» **TASK DESCRIPTION**
Take the lines from the line containing "FAIRY HOUSE Tinkerbell" through the end of the entries and output them exactly, with no pictures and nothing more.

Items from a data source
+===+

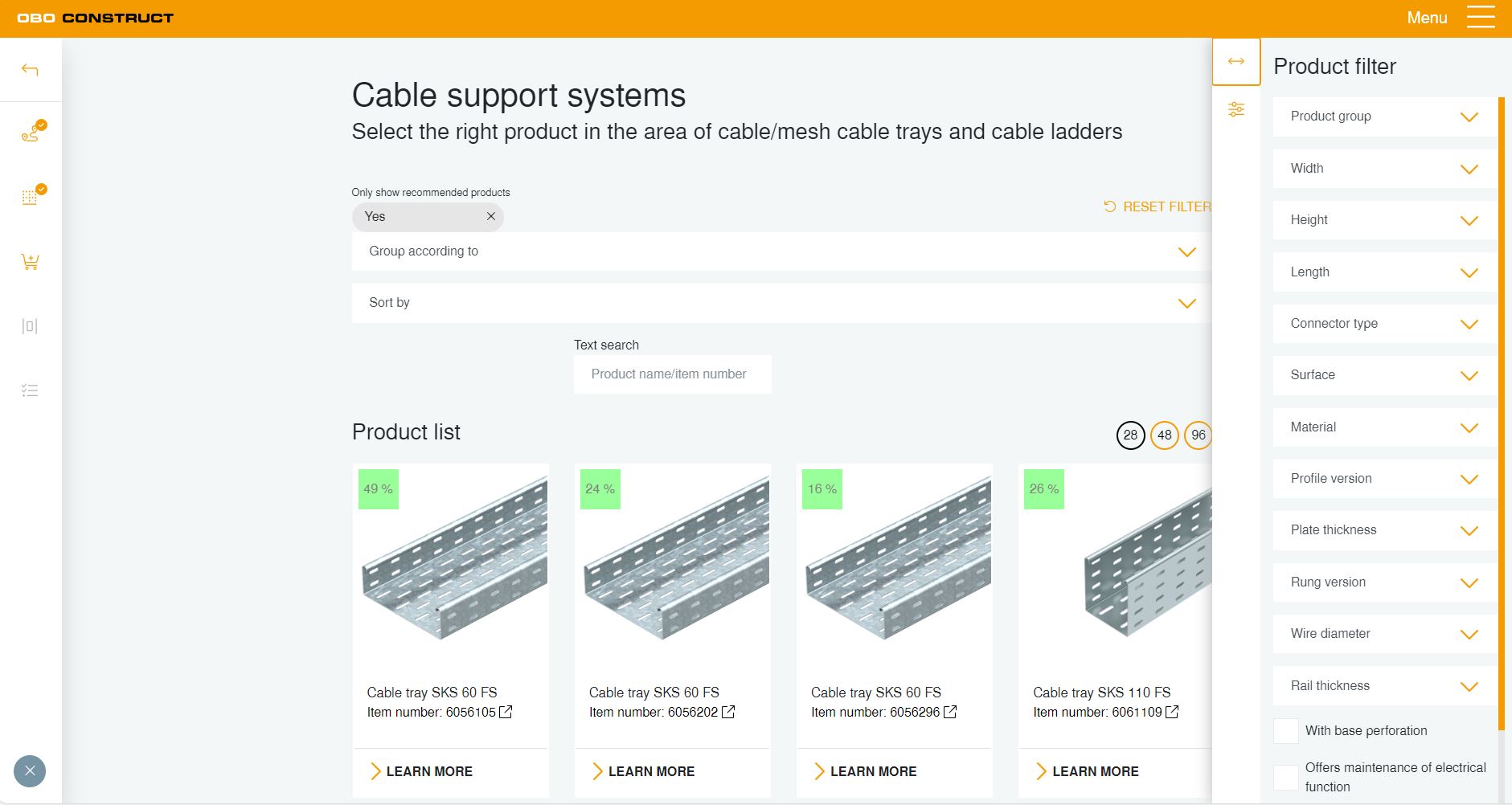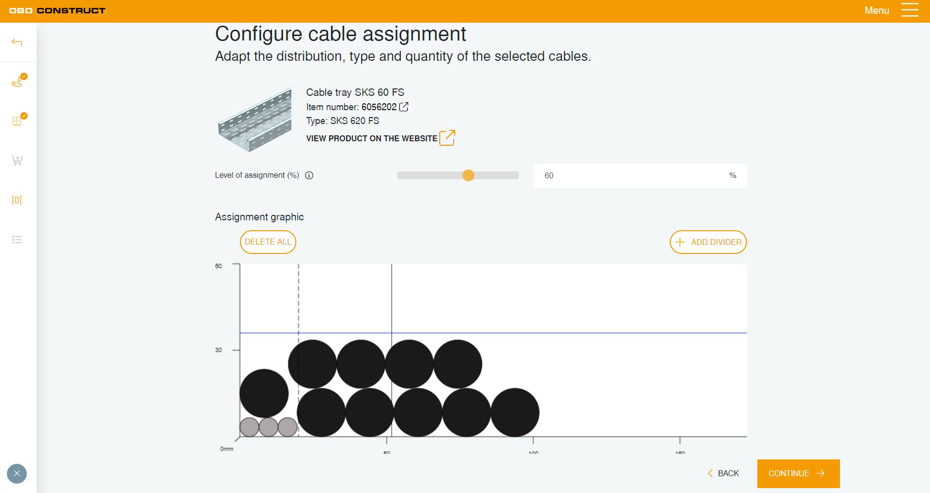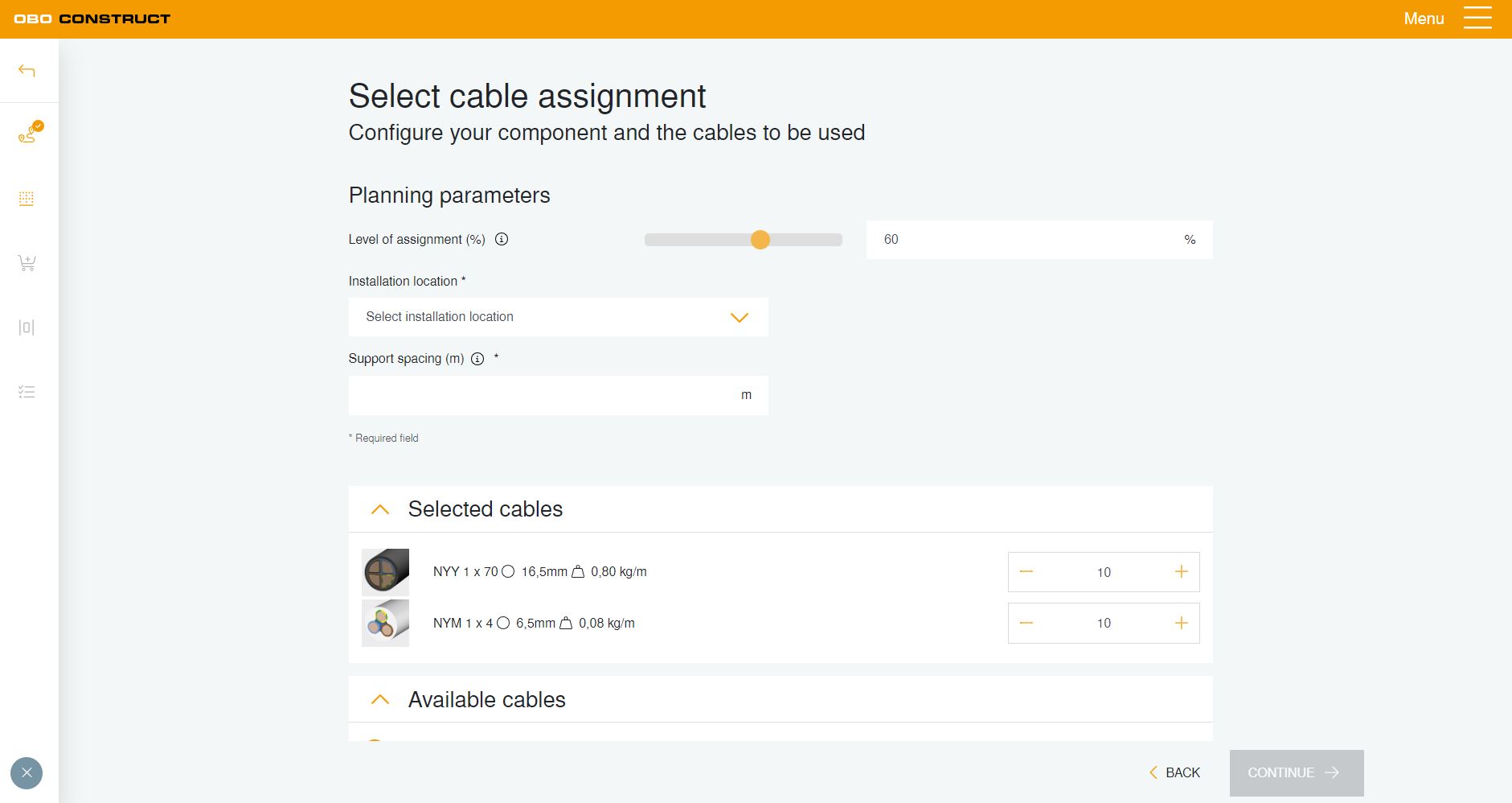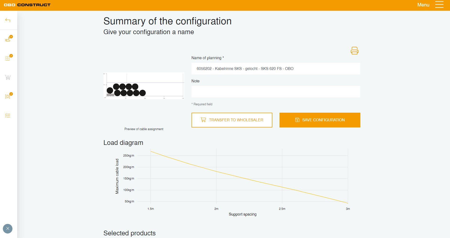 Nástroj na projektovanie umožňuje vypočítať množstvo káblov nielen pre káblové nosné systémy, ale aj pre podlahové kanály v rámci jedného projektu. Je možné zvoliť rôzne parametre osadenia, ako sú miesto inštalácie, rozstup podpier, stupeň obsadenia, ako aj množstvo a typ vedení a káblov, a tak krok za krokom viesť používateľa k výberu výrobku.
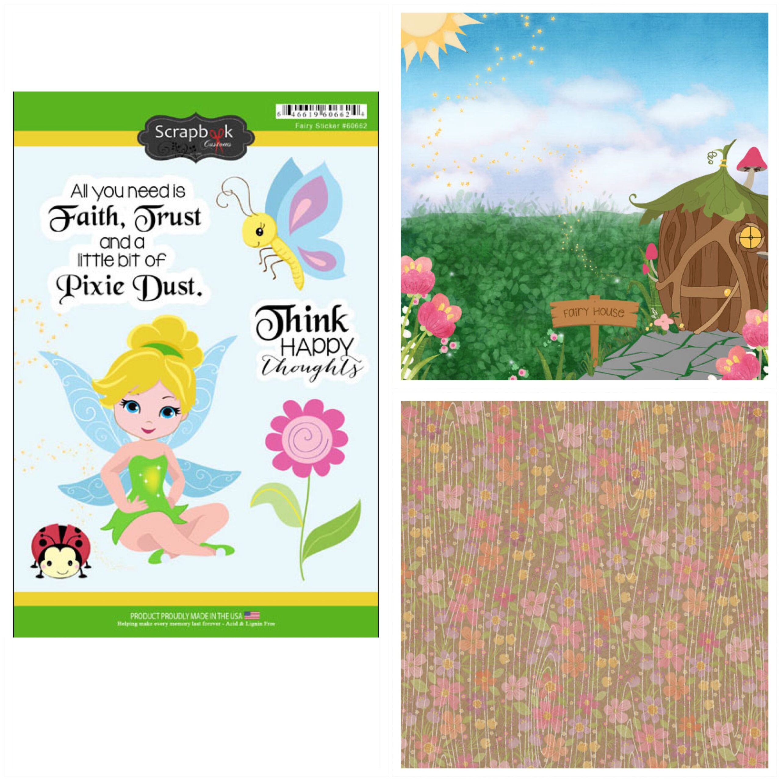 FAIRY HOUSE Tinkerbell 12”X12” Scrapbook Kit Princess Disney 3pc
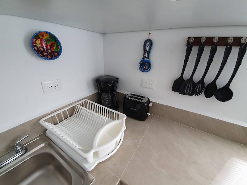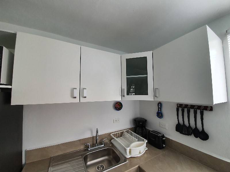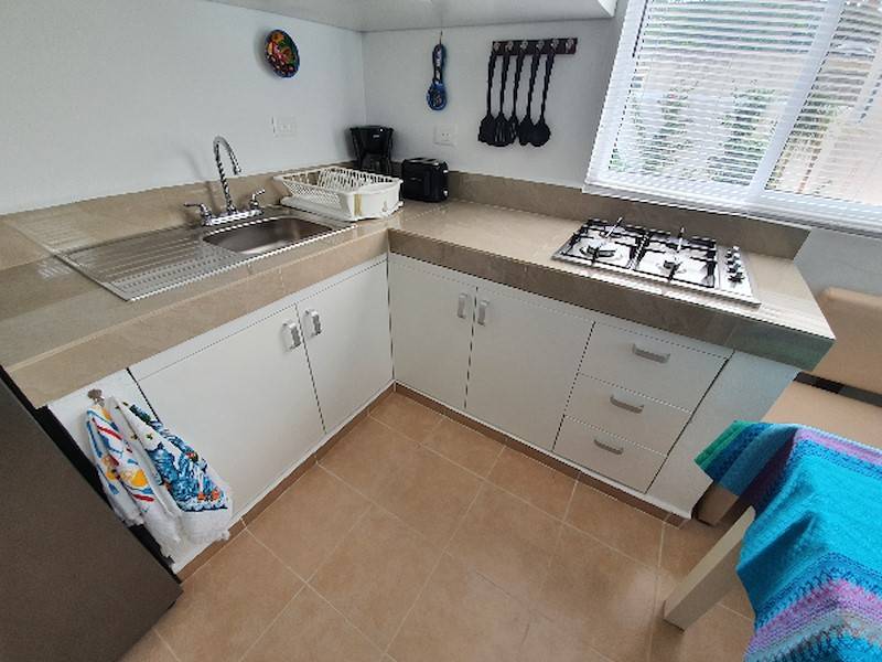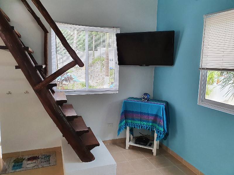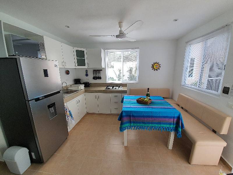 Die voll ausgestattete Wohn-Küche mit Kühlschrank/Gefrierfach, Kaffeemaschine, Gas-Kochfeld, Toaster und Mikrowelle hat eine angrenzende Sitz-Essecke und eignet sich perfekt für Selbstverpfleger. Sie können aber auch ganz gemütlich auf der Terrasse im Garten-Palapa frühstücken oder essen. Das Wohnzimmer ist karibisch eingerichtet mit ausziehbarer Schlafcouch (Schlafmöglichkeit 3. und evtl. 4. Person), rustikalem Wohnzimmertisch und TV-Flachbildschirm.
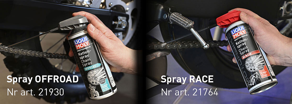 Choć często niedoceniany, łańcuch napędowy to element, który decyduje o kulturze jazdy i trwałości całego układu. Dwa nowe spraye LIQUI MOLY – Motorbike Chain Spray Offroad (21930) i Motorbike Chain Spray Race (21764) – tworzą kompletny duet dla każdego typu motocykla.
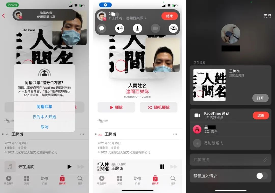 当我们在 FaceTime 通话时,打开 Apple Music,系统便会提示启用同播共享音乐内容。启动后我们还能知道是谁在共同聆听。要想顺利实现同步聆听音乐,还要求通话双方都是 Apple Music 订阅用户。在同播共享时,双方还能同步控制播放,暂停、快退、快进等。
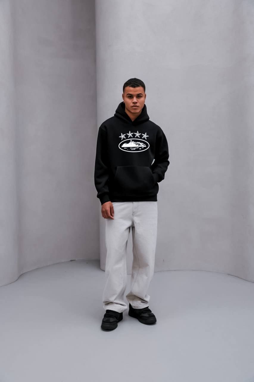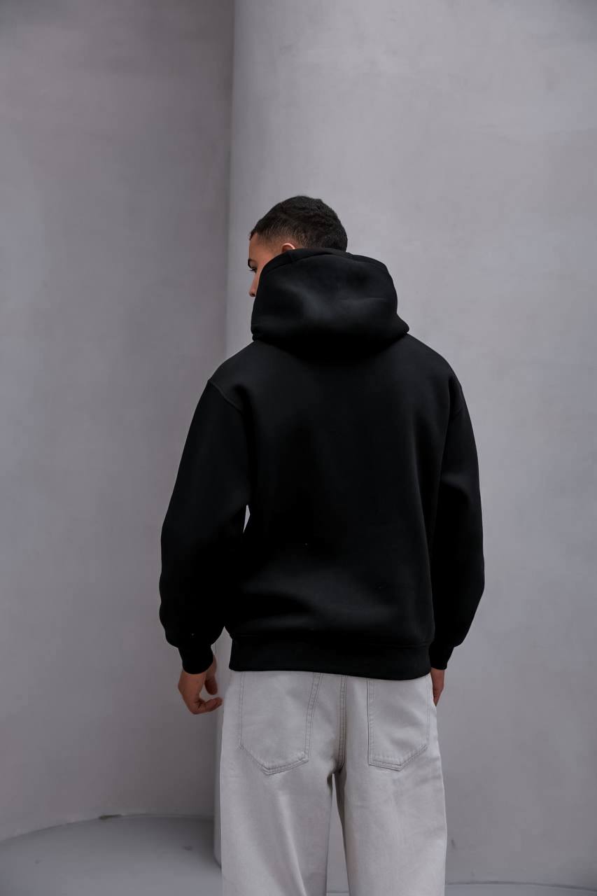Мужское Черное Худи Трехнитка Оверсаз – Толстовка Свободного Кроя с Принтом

+===+

» **OUTPUT BELOW**
 FAIRY HOUSE Tinkerbell 12”X12” Scrapbook Kit Princess Disney 3pc
 Die voll ausgestattete Wohn-Küche mit Kühlschrank/Gefrierfach, Kaffeemaschine, Gas-Kochfeld, Toaster und Mikrowelle hat eine angrenzende Sitz-Essecke und eignet sich perfekt für Selbstverpfleger. Sie können aber auch ganz gemütlich auf der Terrasse im Garten-Palapa frühstücken oder essen. Das Wohnzimmer ist karibisch eingerichtet mit ausziehbarer Schlafcouch (Schlafmöglichkeit 3. und evtl. 4. Person), rustikalem Wohnzimmertisch und TV-Flachbildschirm.
 Choć często niedoceniany, łańcuch napędowy to element, który decyduje o kulturze jazdy i trwałości całego układu. Dwa nowe spraye LIQUI MOLY – Motorbike Chain Spray Offroad (21930) i Motorbike Chain Spray Race (21764) – tworzą kompletny duet dla każdego typu motocykla.
 当我们在 FaceTime 通话时,打开 Apple Music,系统便会提示启用同播共享音乐内容。启动后我们还能知道是谁在共同聆听。要想顺利实现同步聆听音乐,还要求通话双方都是 Apple Music 订阅用户。在同播共享时,双方还能同步控制播放,暂停、快退、快进等。
Мужское Черное Худи Трехнитка Оверсаз – Толстовка Свободного Кроя с Принтом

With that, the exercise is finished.